**Try it:**
Please give back word for word the lines of the material below between the line containing "Succombez à la" and the line containing "春回大地,万象更新。3月2日", inclusive.
[Provided information Boundary: Start]
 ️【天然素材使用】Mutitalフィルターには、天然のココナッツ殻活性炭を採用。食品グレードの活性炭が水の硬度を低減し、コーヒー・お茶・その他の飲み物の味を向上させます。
[Provided information Boundary: End]
[Provided information Boundary: Start]
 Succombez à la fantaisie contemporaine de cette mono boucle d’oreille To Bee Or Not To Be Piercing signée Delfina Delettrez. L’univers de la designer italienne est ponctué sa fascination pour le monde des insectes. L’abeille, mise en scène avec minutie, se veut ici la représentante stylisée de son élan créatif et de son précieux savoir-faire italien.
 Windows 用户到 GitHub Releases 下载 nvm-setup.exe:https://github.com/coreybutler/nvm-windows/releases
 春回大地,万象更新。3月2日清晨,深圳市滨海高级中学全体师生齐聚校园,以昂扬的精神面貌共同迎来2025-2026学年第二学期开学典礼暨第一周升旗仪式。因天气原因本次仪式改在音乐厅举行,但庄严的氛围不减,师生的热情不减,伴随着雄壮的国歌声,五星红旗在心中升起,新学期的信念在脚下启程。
[Provided information Boundary: End]
[Provided information Boundary: Start]
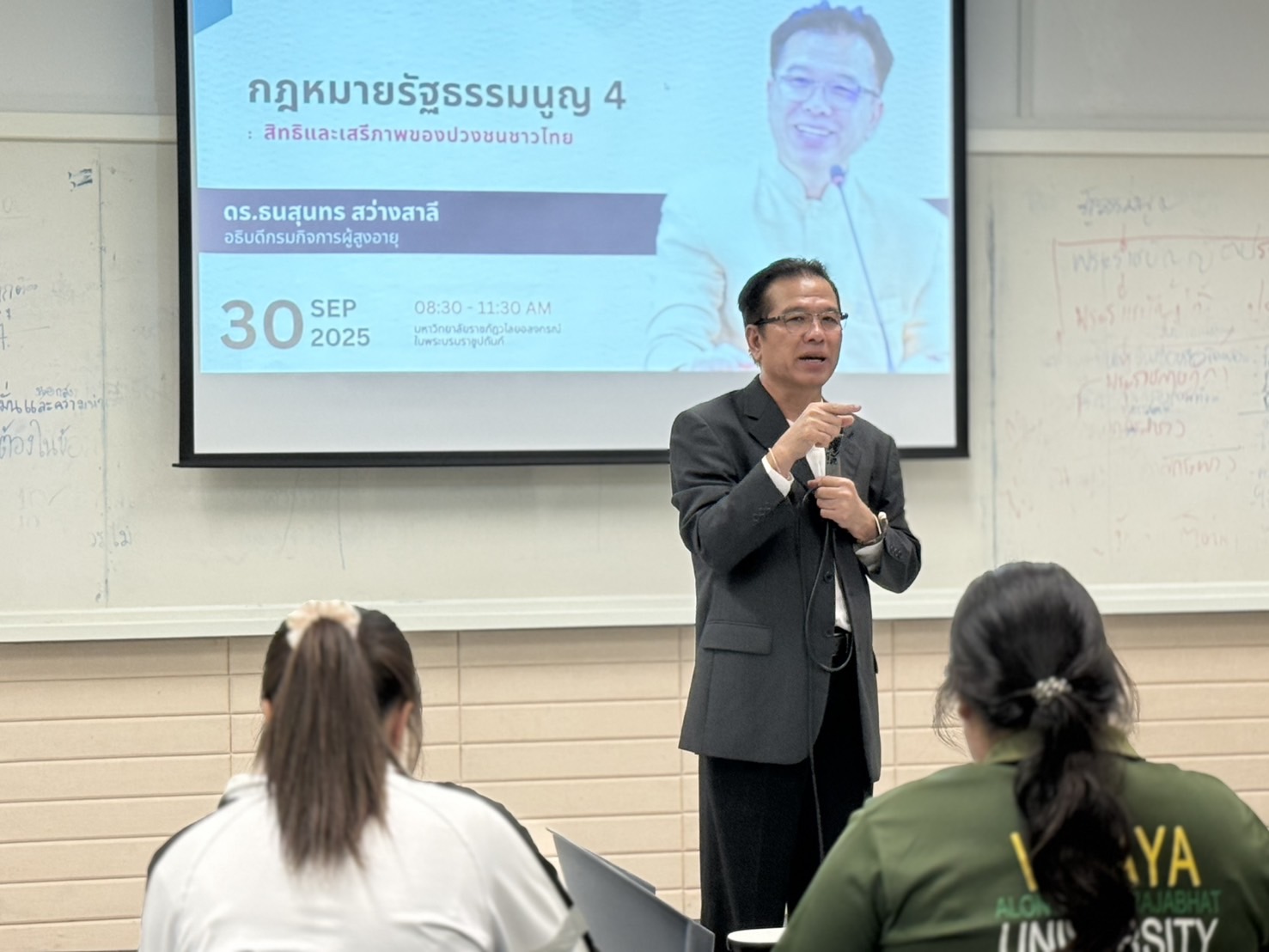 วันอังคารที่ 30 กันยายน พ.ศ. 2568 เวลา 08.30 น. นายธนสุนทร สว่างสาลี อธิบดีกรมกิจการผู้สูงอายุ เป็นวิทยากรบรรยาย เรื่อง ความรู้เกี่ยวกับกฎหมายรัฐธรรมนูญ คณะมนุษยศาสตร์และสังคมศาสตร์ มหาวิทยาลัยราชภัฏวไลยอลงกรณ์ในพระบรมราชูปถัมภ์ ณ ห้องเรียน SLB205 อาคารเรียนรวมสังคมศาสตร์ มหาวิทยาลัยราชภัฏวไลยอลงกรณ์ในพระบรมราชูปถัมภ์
[Provided information Boundary: End]
**Output:**
 Succombez à la fantaisie contemporaine de cette mono boucle d’oreille To Bee Or Not To Be Piercing signée Delfina Delettrez. L’univers de la designer italienne est ponctué sa fascination pour le monde des insectes. L’abeille, mise en scène avec minutie, se veut ici la représentante stylisée de son élan créatif et de son précieux savoir-faire italien.
 Windows 用户到 GitHub Releases 下载 nvm-setup.exe:https://github.com/coreybutler/nvm-windows/releases
 春回大地,万象更新。3月2日清晨,深圳市滨海高级中学全体师生齐聚校园,以昂扬的精神面貌共同迎来2025-2026学年第二学期开学典礼暨第一周升旗仪式。因天气原因本次仪式改在音乐厅举行,但庄严的氛围不减,师生的热情不减,伴随着雄壮的国歌声,五星红旗在心中升起,新学期的信念在脚下启程。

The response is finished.